# [TO DO]
Data follows below. Repeat exactly the lines between the line holding "菜の花を背景に記念撮影です。" and the line holding "Paintings by Hannah", inclusive, and nothing more; drop pictures.

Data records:
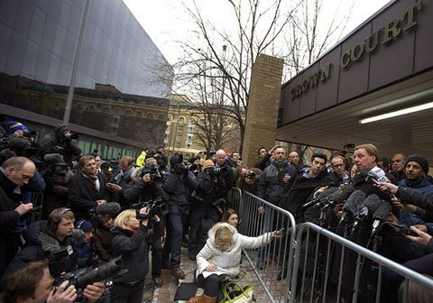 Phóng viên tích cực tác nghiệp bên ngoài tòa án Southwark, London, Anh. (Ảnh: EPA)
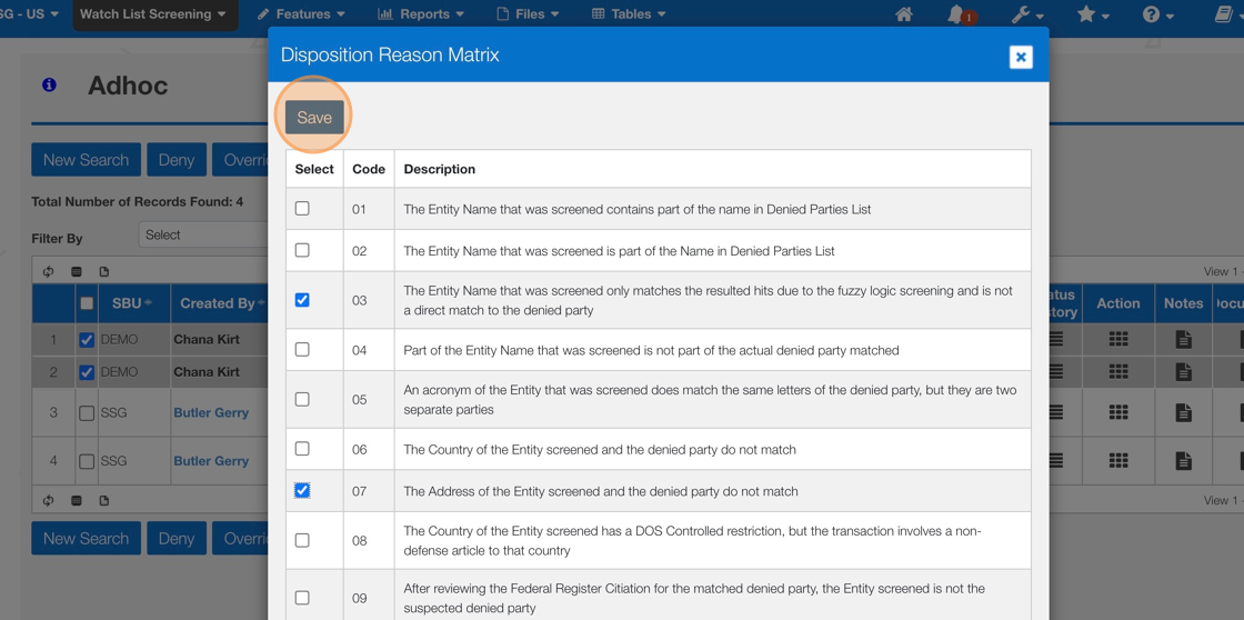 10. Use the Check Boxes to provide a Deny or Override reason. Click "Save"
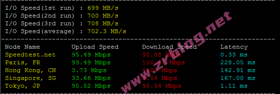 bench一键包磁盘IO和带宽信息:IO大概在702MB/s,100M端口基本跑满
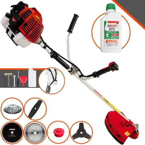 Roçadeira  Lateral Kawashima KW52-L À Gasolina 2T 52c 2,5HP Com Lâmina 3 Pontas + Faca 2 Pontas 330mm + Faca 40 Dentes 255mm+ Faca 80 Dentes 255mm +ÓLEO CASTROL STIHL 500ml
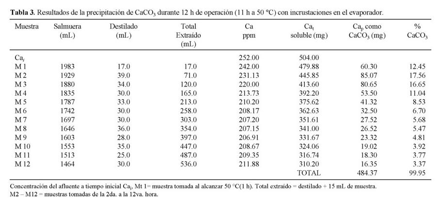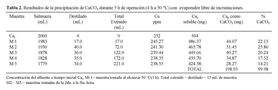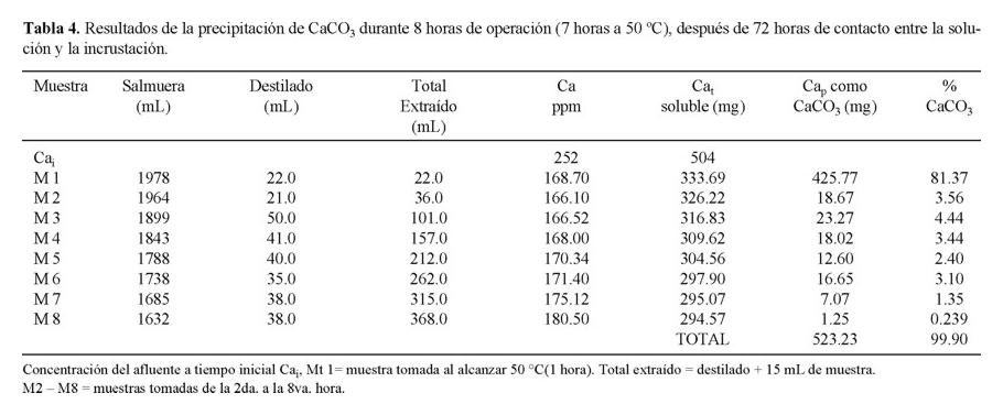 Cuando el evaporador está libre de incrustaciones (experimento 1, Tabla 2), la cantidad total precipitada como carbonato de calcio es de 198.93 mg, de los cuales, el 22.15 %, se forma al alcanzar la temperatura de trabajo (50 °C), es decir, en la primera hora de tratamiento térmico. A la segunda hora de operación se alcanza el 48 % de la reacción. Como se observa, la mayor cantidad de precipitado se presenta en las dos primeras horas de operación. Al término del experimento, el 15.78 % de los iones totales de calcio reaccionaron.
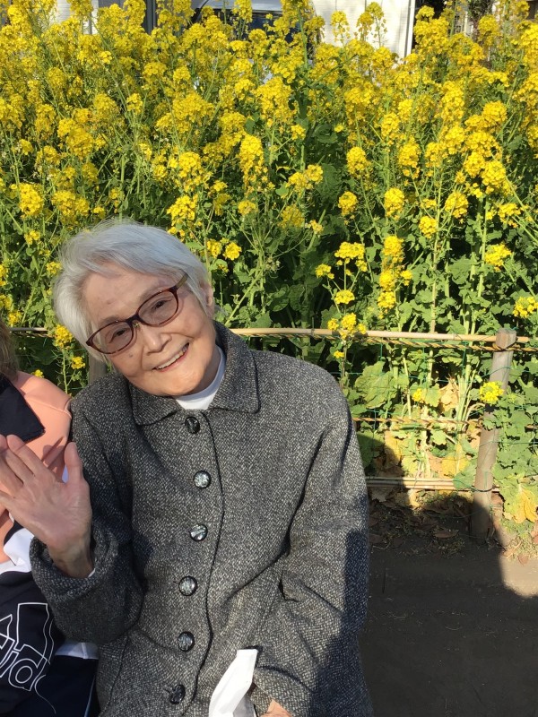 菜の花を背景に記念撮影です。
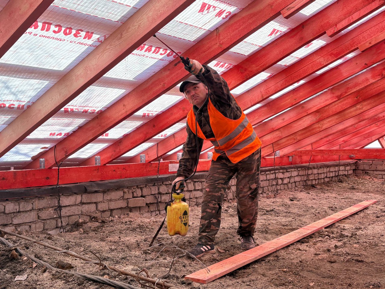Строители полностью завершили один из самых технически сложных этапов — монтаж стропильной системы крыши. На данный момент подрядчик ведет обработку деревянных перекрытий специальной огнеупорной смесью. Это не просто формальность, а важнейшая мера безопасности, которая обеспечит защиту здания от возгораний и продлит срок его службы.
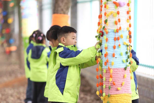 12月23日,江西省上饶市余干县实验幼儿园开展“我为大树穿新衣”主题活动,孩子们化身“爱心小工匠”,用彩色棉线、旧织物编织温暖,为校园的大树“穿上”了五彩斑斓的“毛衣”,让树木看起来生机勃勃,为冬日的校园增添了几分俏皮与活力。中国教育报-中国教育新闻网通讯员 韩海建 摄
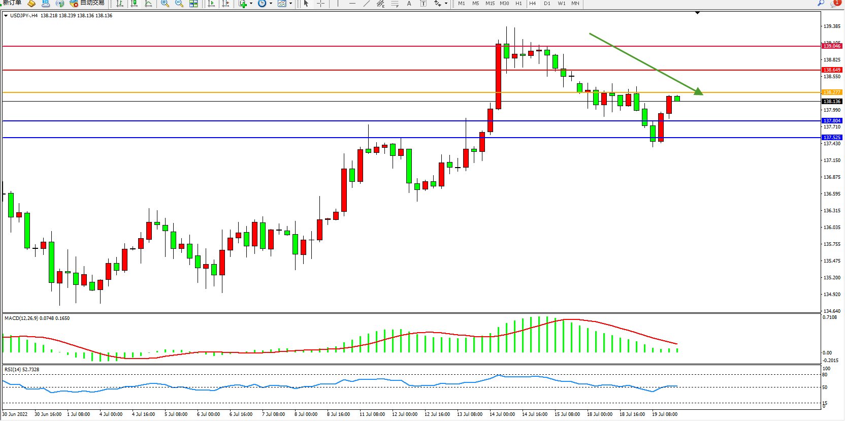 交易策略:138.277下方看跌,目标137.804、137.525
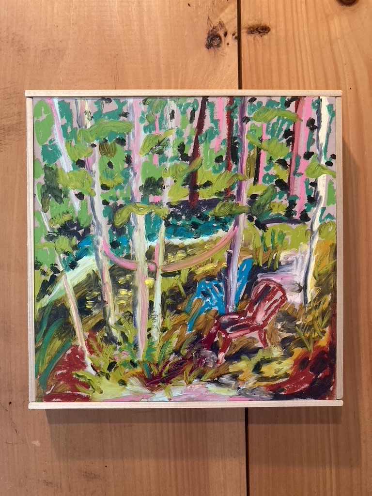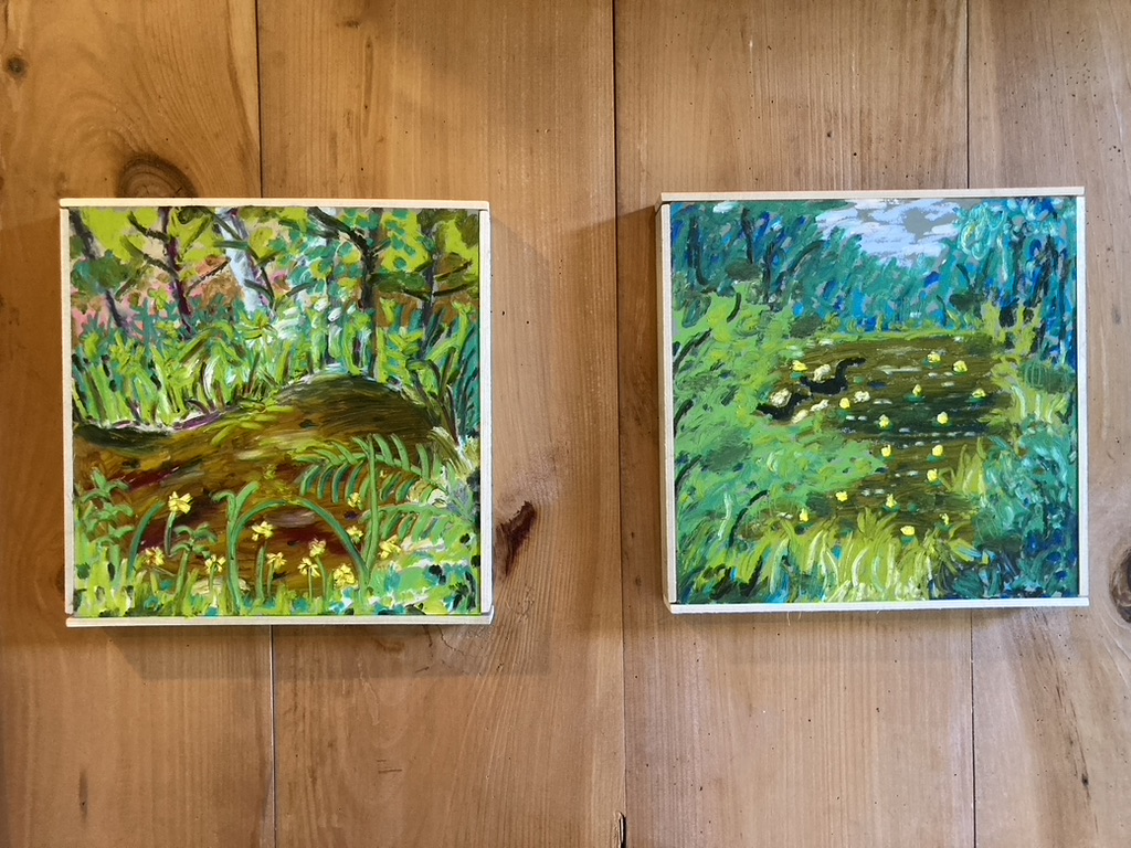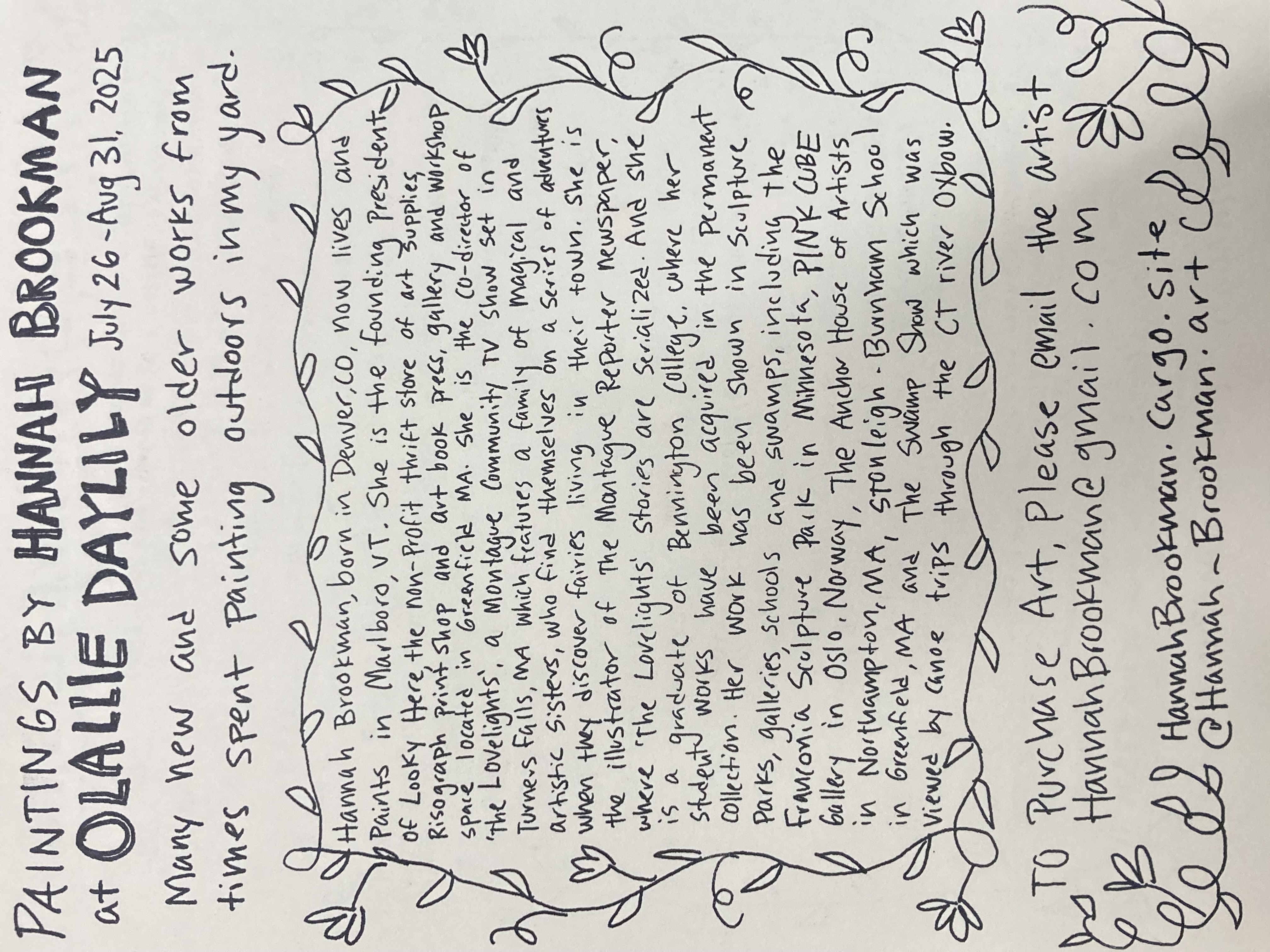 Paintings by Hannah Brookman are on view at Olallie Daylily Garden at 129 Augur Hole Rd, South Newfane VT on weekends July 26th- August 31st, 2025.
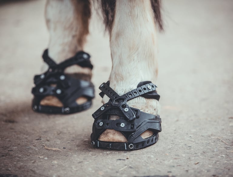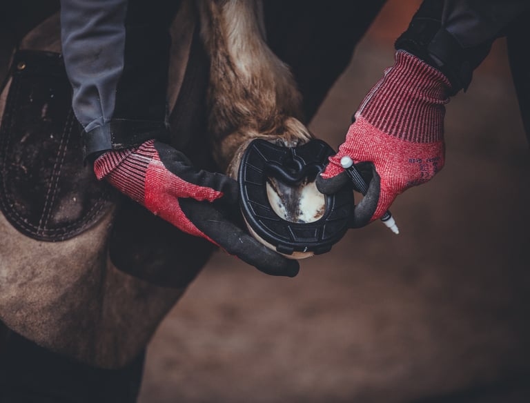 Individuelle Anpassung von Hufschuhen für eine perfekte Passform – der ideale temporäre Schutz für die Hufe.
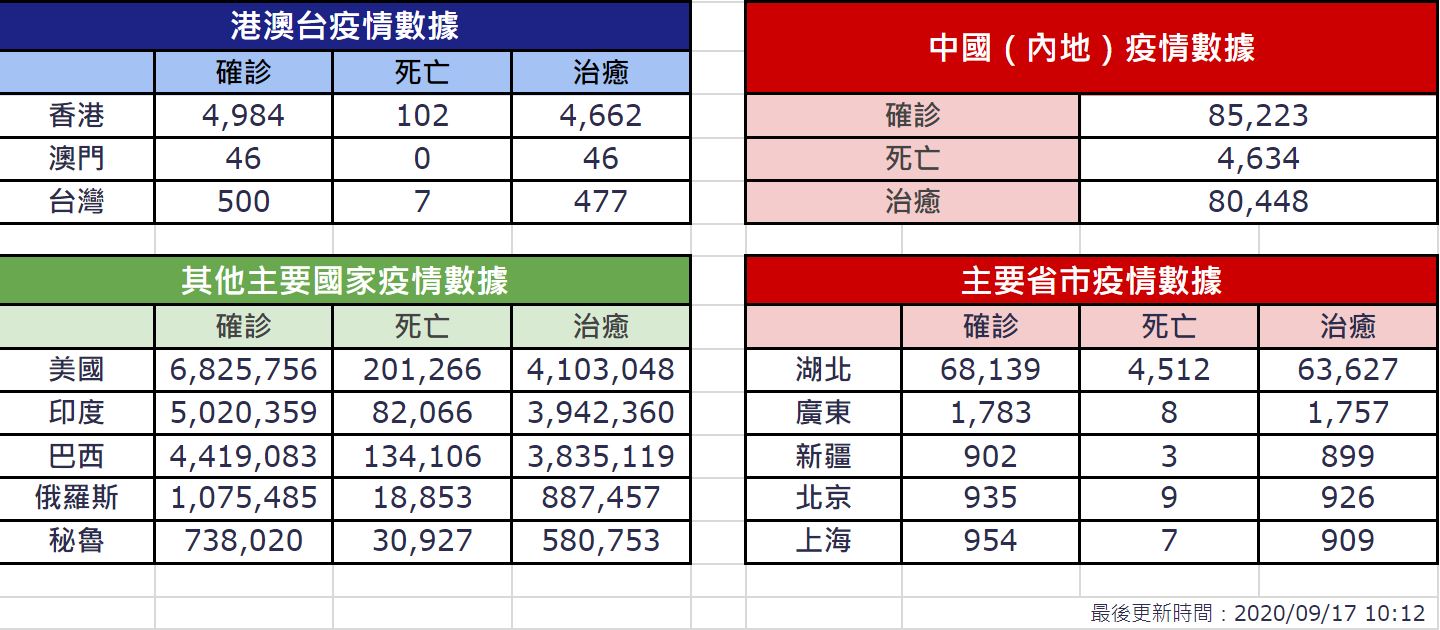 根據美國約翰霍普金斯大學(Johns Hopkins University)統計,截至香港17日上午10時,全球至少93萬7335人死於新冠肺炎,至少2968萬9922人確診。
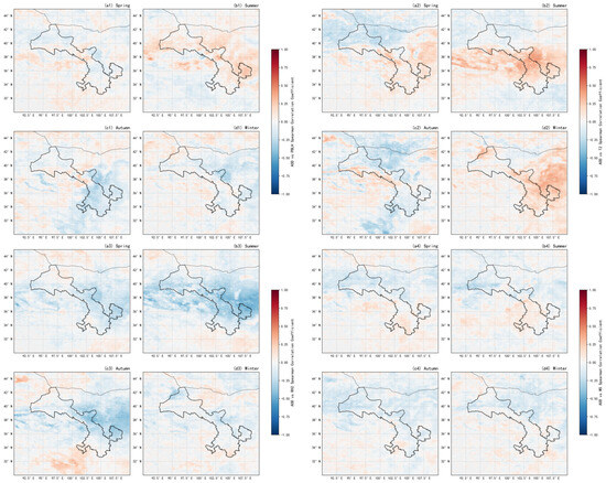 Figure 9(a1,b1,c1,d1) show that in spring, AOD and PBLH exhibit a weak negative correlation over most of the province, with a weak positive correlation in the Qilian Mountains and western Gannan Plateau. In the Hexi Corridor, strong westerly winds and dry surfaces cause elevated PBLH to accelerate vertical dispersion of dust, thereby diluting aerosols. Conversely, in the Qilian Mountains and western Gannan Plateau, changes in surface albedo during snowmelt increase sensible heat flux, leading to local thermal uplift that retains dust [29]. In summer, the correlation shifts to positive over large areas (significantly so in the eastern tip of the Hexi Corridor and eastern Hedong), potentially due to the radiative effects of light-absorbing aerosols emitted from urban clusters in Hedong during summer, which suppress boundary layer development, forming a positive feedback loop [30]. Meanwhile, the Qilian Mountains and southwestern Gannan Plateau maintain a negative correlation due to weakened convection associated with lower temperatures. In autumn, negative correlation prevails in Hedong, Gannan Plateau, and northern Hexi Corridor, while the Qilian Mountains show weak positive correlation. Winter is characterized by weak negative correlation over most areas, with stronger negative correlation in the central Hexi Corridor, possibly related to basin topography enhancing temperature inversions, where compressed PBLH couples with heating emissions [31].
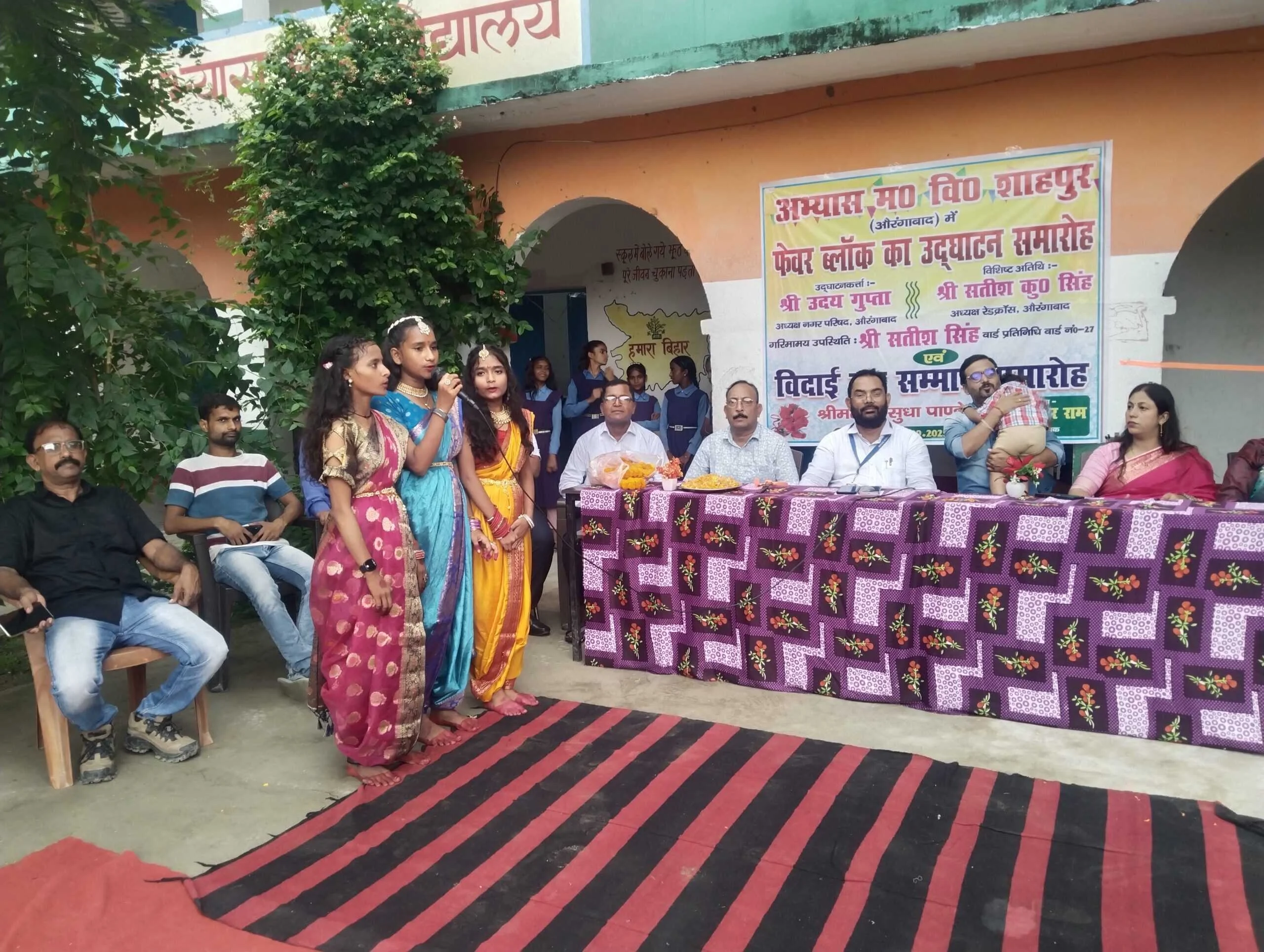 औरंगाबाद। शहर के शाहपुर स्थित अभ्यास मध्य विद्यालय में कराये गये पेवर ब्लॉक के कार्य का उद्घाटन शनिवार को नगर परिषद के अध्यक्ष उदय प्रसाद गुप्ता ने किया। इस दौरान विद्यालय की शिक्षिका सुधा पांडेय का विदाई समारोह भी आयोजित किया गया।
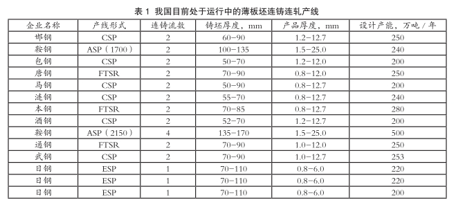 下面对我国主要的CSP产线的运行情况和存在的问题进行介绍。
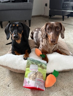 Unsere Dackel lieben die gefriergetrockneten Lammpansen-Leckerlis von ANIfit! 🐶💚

# [ANSWER SECTION]
 菜の花を背景に記念撮影です。
Строители полностью завершили один из самых технически сложных этапов — монтаж стропильной системы крыши. На данный момент подрядчик ведет обработку деревянных перекрытий специальной огнеупорной смесью. Это не просто формальность, а важнейшая мера безопасности, которая обеспечит защиту здания от возгораний и продлит срок его службы.
 12月23日,江西省上饶市余干县实验幼儿园开展“我为大树穿新衣”主题活动,孩子们化身“爱心小工匠”,用彩色棉线、旧织物编织温暖,为校园的大树“穿上”了五彩斑斓的“毛衣”,让树木看起来生机勃勃,为冬日的校园增添了几分俏皮与活力。中国教育报-中国教育新闻网通讯员 韩海建 摄
 交易策略:138.277下方看跌,目标137.804、137.525
 Paintings by Hannah Brookman are on view at Olallie Daylily Garden at 129 Augur Hole Rd, South Newfane VT on weekends July 26th- August 31st, 2025.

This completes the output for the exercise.